The United States needs a clear strategy to remain a competitive leader in industry and other sectors of an economy in crisis, business leaders have told a national summit that has opened in the country.
The three-day summit in Detroit, Michigan aims to develop a national consensus on policies for technology, energy, environment and manufacturing.
"Our goal is to develop a to do list of actions that will revitalize and revive our economy," said Bill Ford, executive chairman of Ford Motor Co. and co-chair of the summit's opening session.
Ford said the global economic crisis "increases the urgency to begin a national dialogue on the economy."
The meeting reflects growing momentum for the United States to formalize an "industrial policy" similar to those implemented in Asia and elsewhere to help nurture businesses in a tough global environment.
The summit also seeks to define policies on energy, environment and technology.
Although industrial policy is often equated with protectionism, Ford and other speakers said the United States needs to be tougher with trading partners to maintain prosperity.
"Having no policy is a bad policy," Ford said. "Other countries understand this and they work hard to maintain a strong industrial base.
"They bend or even break the rules to maintain a competitive advantage over the US. We need to do something different," he added.
Echoing those calls, fellow co-chair Andrew Liveris, chairman and CEO of Dow Chemical Co., called for "a modern-era industrial policy, one built for the 21st century.
"The life force and strength of this country has to be rebuilt," Liveris told the gathering of several hundred people.
"It has to be rebuilt by American industry."
Liveris said that "maybe we all became enamored with the idea of making money from money. And we forgot that making real things, real innovative things, still matters."
Michigan Senator Carl Levin said the notion of industrial policy for many years was "anathema to many people ... it was a killer label."
But he said there is a growing recognition, including at the White House, of the need for more government involvement in the economy.
"There is a recognition finally in this country that our global competition is not just with companies, but with the governments that support those companies," Levin told a summit forum. "It's a fundamental awakening."
Thomas d'Aquino, president and CEO of the Canadian Council of Chief Executives, acknowledged the need to shift policy.
"There is a perception that America has been weakened by the financial calamity," he said. "I think the US has been too much the boy scouts, and we're working in a different environment."
One note of caution came from Bud Peterson, president of the Georgia Institute of Technology, who warned against following the models of some countries that invest directly in companies.
"In this country, we have invested in universities in research, and that drives the technologies that create the companies that create jobs," he said.

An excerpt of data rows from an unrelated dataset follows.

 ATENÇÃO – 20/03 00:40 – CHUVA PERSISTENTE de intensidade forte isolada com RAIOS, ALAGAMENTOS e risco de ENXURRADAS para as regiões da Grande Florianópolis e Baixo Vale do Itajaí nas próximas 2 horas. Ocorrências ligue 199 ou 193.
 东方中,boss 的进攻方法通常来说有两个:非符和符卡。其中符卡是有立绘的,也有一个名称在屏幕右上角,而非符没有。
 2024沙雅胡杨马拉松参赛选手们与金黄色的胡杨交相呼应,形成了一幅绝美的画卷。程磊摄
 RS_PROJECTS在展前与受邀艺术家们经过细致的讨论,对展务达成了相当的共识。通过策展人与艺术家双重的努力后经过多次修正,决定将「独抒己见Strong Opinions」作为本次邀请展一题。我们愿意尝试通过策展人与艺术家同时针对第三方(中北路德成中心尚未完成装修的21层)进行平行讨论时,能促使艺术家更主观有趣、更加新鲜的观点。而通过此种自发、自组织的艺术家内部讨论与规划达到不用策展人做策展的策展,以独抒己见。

The summit, which may continue as an annual event, grew out of conversations at the Detroit Economic Club about the future of the US economy.

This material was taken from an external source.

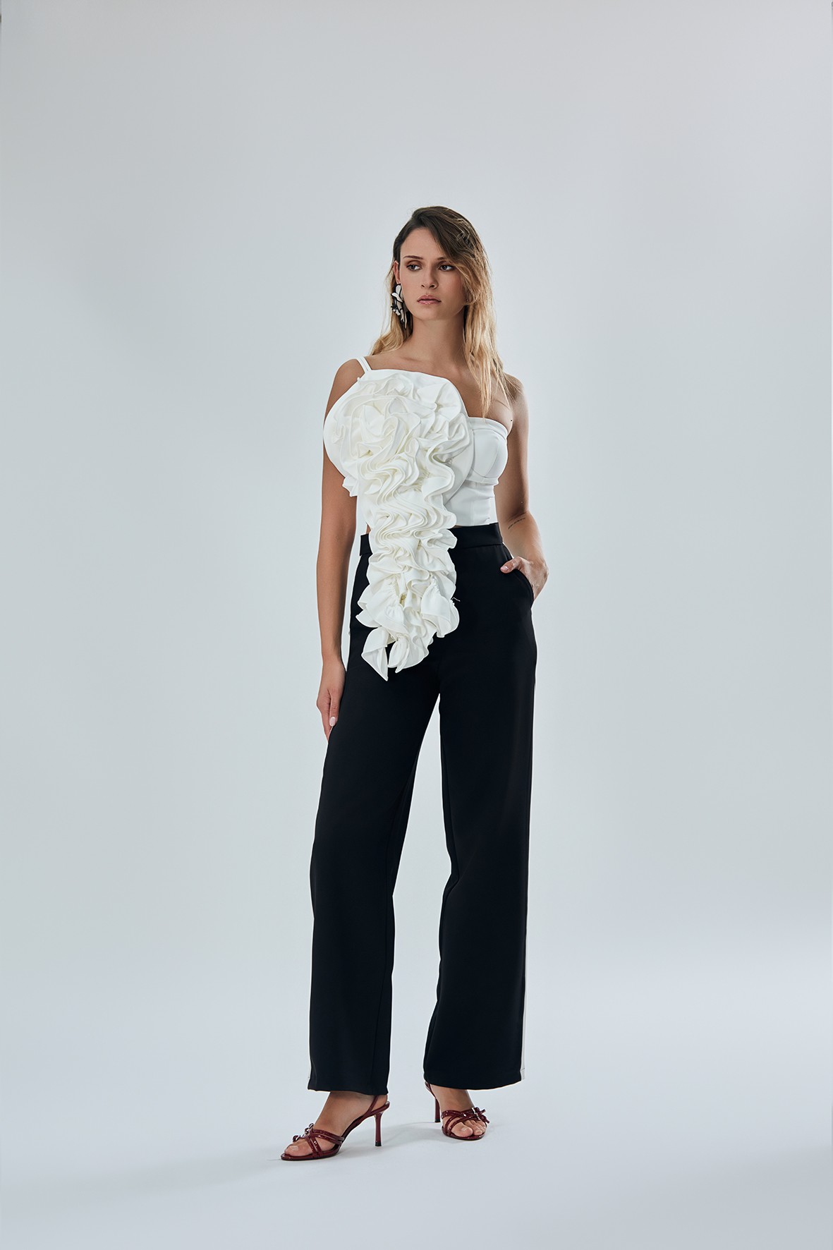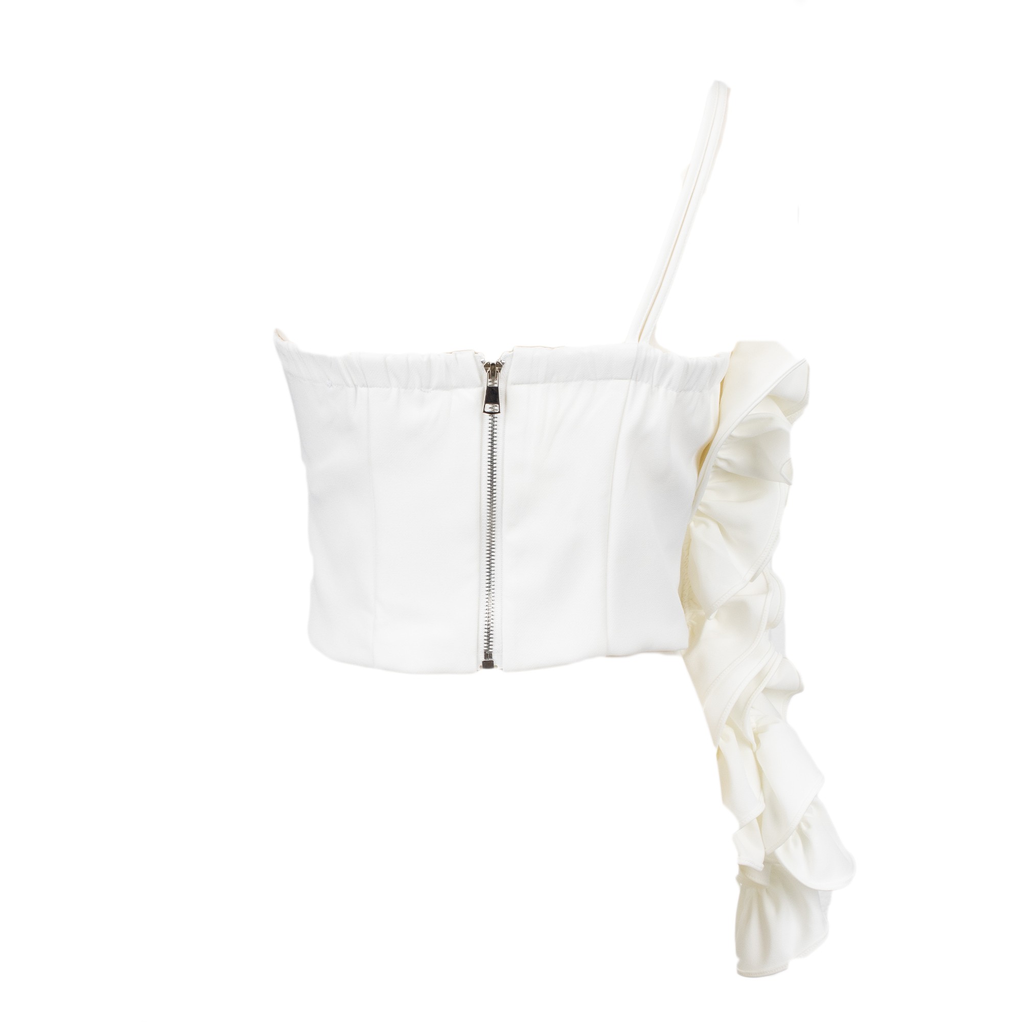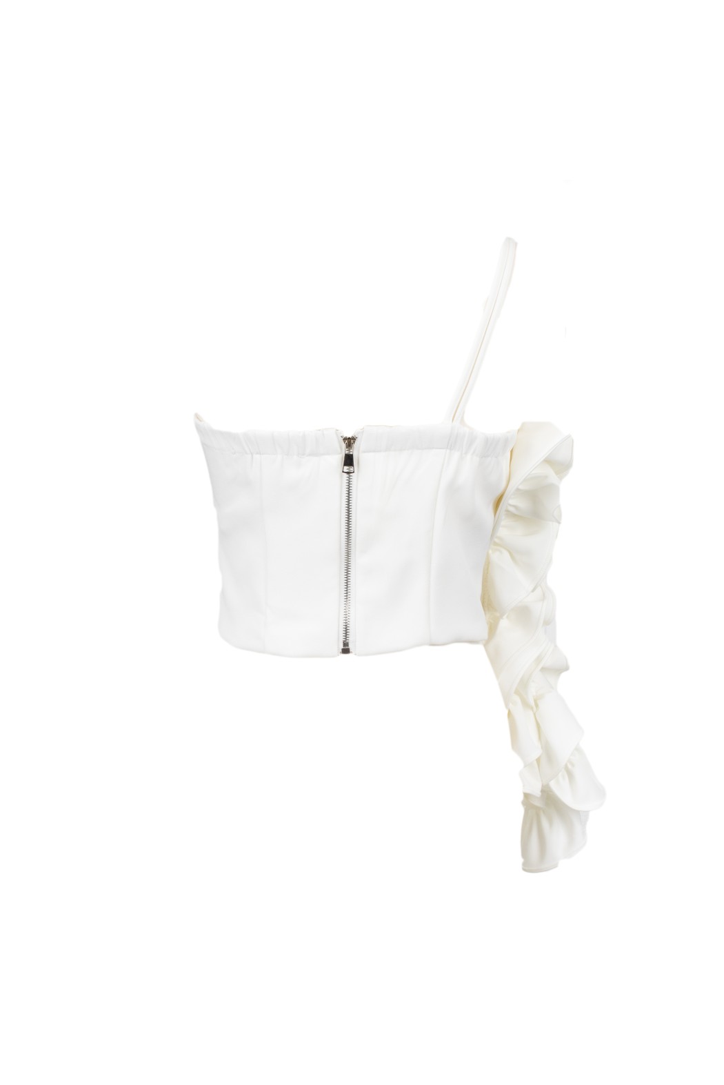 Top mini con grande rouches laterale asimmetrica.

The speakers include chief executives Richard Anderson of Delta Air Lines, Steve Ballmer of Microsoft Corp., Vikram Pandit of Citigroup, Fritz Henderson of General Motors and Alan Mulally of Ford.
From government, new US chief technology officer Aneesh Chopra and Commerce Secretary Gary Locke will appear among the 90-plus speakers.

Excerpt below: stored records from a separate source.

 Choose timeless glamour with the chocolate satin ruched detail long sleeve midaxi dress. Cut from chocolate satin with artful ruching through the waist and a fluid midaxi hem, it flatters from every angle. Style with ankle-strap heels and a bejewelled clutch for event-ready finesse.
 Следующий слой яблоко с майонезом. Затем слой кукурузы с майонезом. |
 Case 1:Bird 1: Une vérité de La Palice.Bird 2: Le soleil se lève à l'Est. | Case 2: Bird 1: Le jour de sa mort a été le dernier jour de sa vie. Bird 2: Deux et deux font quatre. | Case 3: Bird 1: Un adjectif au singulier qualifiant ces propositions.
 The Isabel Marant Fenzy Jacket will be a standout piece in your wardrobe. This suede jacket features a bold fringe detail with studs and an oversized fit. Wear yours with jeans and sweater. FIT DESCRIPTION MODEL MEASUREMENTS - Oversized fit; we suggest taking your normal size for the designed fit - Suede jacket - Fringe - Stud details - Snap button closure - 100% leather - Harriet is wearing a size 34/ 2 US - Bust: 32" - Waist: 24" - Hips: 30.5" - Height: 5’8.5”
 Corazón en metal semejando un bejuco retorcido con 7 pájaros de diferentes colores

Called last September, the summit has taken on new importance amid a recession that is the worst in decades, costing more than six million US jobs.
About 200 protestors marched from a nearby park, where a shadow "people's summit" was being held to try to draw attention to those affected by the current economic crisis.
Carrying signs demanding an end to foreclosures and the capitalist system they chanted "Bail out the people not the banks" and "Come out! Come out! Stop meeting in secret" outside Detroit's Renaissance Center, home to both General Motors and the conference.
"The banks and the corporations are taking over people's homes," said David Gilbert, 27, who like 13.6 percent of the city's population is unemployed.
"They don't care about homelessness. They only care about profits and people are expendable."